(Stored entries)
▬▬▬

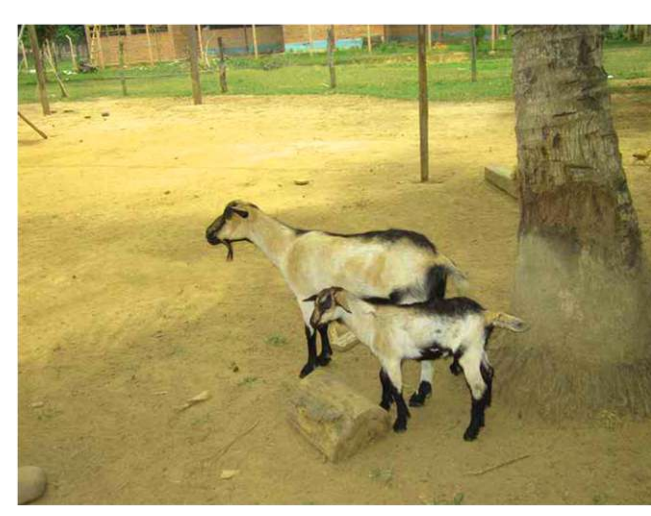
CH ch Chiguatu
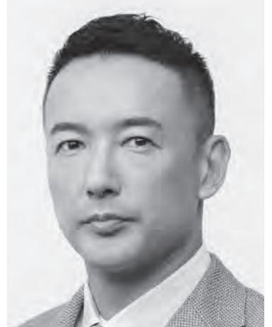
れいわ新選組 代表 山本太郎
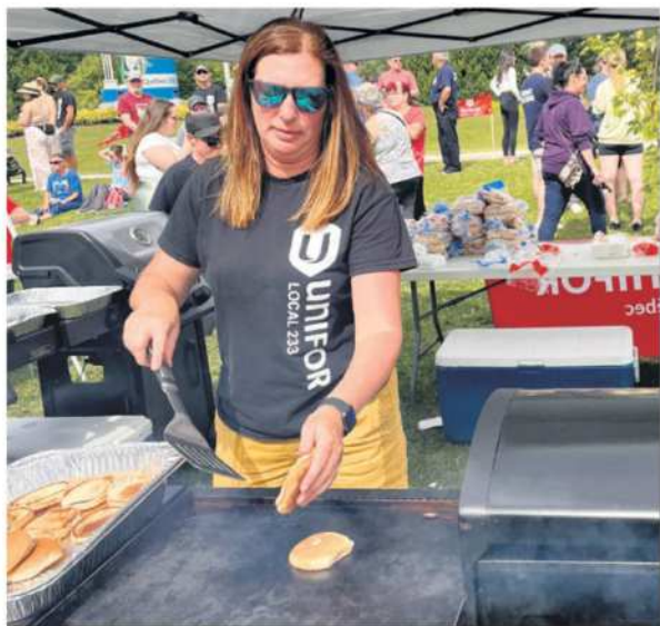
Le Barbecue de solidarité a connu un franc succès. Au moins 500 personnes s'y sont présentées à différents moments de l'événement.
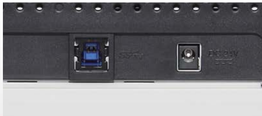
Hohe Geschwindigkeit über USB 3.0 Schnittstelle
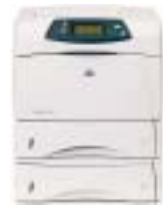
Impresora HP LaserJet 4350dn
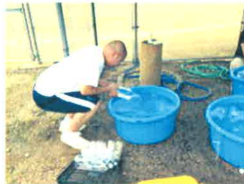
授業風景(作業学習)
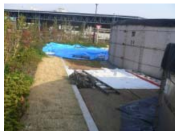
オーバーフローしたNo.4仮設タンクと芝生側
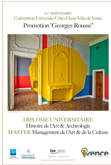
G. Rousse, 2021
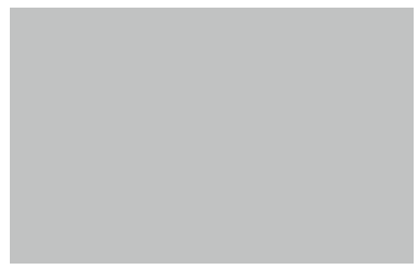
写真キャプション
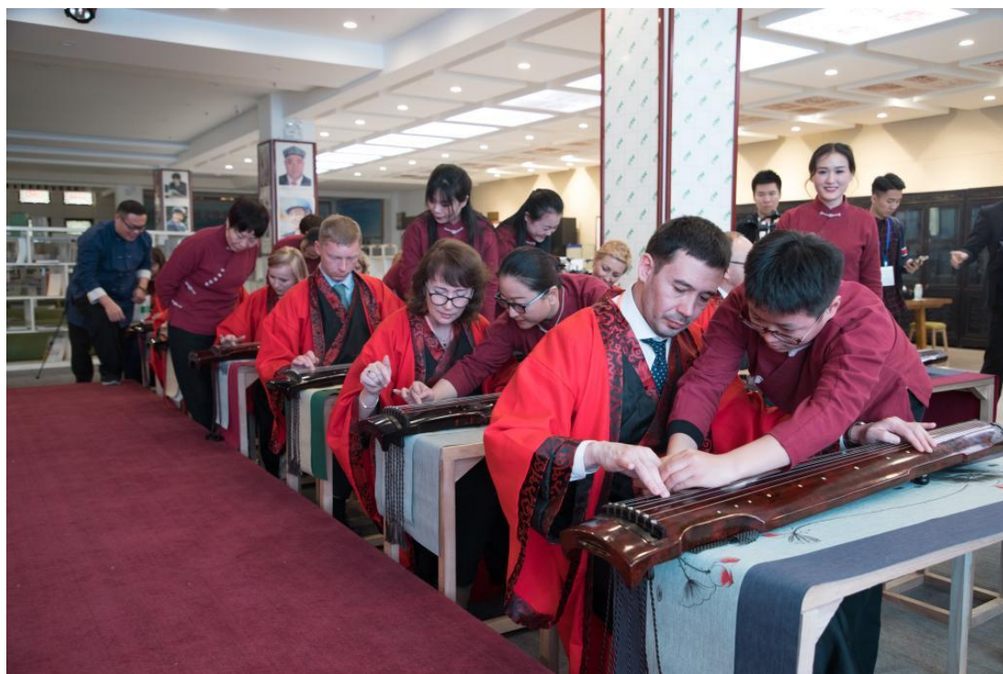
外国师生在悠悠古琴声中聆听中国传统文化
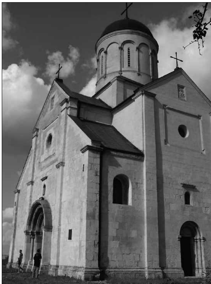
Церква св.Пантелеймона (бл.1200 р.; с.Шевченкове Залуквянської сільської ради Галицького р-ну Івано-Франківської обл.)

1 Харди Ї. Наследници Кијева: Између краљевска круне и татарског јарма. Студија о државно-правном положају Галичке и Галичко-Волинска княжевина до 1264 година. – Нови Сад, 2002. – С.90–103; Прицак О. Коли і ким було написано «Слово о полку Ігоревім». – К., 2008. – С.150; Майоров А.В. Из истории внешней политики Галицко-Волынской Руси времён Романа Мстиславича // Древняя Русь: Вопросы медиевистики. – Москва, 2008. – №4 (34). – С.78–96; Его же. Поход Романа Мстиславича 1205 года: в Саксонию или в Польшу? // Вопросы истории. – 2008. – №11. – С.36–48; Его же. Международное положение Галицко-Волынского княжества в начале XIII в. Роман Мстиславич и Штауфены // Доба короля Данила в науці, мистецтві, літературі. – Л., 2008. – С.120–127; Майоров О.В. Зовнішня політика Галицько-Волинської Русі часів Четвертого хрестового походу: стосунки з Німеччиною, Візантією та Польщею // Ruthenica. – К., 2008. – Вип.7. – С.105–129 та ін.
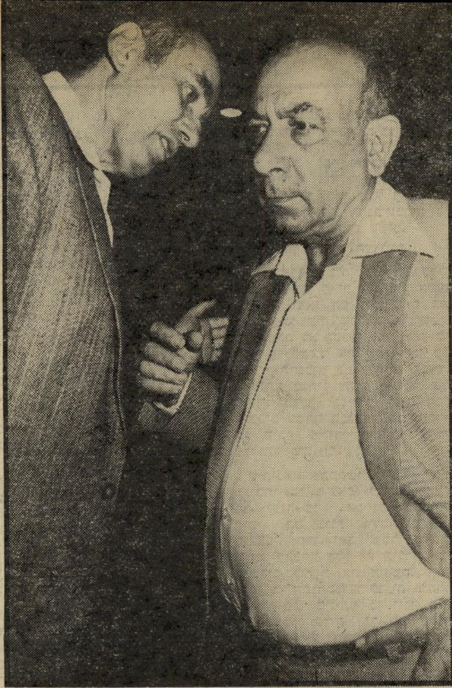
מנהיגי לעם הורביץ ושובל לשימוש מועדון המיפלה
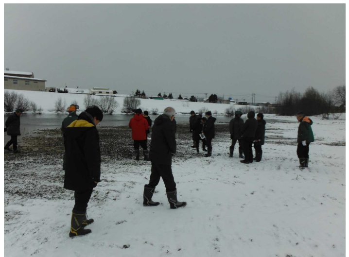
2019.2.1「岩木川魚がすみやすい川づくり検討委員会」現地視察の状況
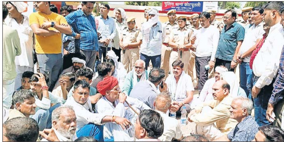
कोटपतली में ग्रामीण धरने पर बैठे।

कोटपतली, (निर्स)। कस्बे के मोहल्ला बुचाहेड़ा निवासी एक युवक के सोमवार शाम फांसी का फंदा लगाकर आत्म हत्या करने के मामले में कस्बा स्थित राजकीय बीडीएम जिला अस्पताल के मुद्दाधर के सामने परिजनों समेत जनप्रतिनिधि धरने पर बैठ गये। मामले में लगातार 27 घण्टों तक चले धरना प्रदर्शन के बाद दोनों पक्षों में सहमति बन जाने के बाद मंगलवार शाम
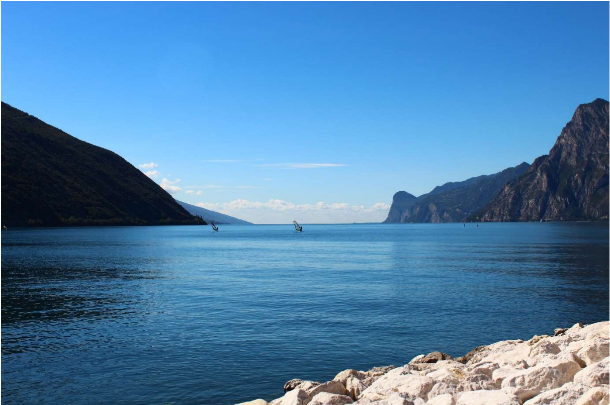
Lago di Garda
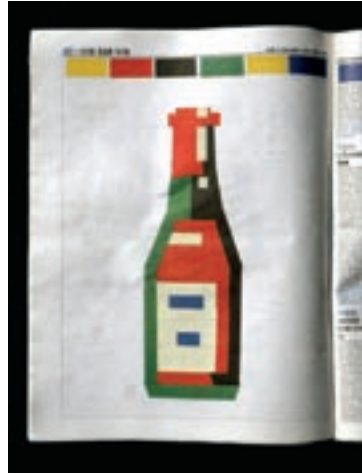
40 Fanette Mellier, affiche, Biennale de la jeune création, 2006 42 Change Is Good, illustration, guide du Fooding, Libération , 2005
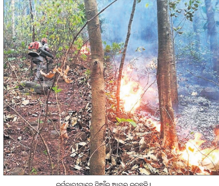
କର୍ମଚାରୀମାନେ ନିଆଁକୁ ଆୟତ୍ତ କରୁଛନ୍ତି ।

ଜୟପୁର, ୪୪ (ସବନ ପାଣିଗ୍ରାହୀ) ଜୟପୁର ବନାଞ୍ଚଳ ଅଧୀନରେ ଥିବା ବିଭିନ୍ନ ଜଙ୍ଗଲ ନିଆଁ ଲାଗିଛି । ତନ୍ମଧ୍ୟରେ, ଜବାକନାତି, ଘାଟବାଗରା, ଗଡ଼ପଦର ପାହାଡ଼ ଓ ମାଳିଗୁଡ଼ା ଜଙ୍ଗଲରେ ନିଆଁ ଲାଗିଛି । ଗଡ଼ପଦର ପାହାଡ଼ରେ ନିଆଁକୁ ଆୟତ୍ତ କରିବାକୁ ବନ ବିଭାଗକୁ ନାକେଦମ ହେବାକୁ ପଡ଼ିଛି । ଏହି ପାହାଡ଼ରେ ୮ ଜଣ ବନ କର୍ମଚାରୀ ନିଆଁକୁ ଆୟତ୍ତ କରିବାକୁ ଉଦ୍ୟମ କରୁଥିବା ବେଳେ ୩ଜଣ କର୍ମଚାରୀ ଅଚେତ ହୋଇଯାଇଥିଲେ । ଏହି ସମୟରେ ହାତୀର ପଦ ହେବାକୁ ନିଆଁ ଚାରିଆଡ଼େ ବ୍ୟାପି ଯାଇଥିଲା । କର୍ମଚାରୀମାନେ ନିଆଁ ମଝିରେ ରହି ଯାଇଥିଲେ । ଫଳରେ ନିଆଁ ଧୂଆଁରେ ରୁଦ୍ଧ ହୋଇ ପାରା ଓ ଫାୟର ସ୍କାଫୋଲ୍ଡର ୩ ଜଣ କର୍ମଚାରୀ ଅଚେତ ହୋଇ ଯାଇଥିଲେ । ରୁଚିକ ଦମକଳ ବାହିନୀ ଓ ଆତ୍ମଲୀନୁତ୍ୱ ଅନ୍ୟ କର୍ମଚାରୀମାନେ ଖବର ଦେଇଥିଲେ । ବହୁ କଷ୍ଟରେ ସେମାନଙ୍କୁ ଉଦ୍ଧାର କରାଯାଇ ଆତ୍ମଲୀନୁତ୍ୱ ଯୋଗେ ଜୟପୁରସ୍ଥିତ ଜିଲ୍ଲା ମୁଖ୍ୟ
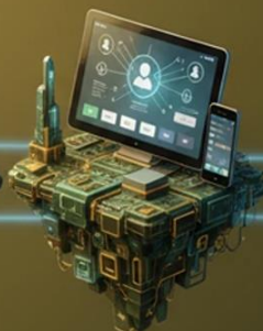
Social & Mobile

▬▬▬

- [What you will do]:
Exactly the lines from the line with "କର୍ମଚାରୀମାନେ ନିଆଁକୁ ଆୟତ୍ତ କରୁଛନ୍ତି ।" through the end of the data are to be reproduced, and no picture is to be included.

- [Exercise solution]:
କର୍ମଚାରୀମାନେ ନିଆଁକୁ ଆୟତ୍ତ କରୁଛନ୍ତି ।

ଜୟପୁର, ୪୪ (ସବନ ପାଣିଗ୍ରାହୀ) ଜୟପୁର ବନାଞ୍ଚଳ ଅଧୀନରେ ଥିବା ବିଭିନ୍ନ ଜଙ୍ଗଲ ନିଆଁ ଲାଗିଛି । ତନ୍ମଧ୍ୟରେ, ଜବାକନାତି, ଘାଟବାଗରା, ଗଡ଼ପଦର ପାହାଡ଼ ଓ ମାଳିଗୁଡ଼ା ଜଙ୍ଗଲରେ ନିଆଁ ଲାଗିଛି । ଗଡ଼ପଦର ପାହାଡ଼ରେ ନିଆଁକୁ ଆୟତ୍ତ କରିବାକୁ ବନ ବିଭାଗକୁ ନାକେଦମ ହେବାକୁ ପଡ଼ିଛି । ଏହି ପାହାଡ଼ରେ ୮ ଜଣ ବନ କର୍ମଚାରୀ ନିଆଁକୁ ଆୟତ୍ତ କରିବାକୁ ଉଦ୍ୟମ କରୁଥିବା ବେଳେ ୩ଜଣ କର୍ମଚାରୀ ଅଚେତ ହୋଇଯାଇଥିଲେ । ଏହି ସମୟରେ ହାତୀର ପଦ ହେବାକୁ ନିଆଁ ଚାରିଆଡ଼େ ବ୍ୟାପି ଯାଇଥିଲା । କର୍ମଚାରୀମାନେ ନିଆଁ ମଝିରେ ରହି ଯାଇଥିଲେ । ଫଳରେ ନିଆଁ ଧୂଆଁରେ ରୁଦ୍ଧ ହୋଇ ପାରା ଓ ଫାୟର ସ୍କାଫୋଲ୍ଡର ୩ ଜଣ କର୍ମଚାରୀ ଅଚେତ ହୋଇ ଯାଇଥିଲେ । ରୁଚିକ ଦମକଳ ବାହିନୀ ଓ ଆତ୍ମଲୀନୁତ୍ୱ ଅନ୍ୟ କର୍ମଚାରୀମାନେ ଖବର ଦେଇଥିଲେ । ବହୁ କଷ୍ଟରେ ସେମାନଙ୍କୁ ଉଦ୍ଧାର କରାଯାଇ ଆତ୍ମଲୀନୁତ୍ୱ ଯୋଗେ ଜୟପୁରସ୍ଥିତ ଜିଲ୍ଲା ମୁଖ୍ୟ
Social & Mobile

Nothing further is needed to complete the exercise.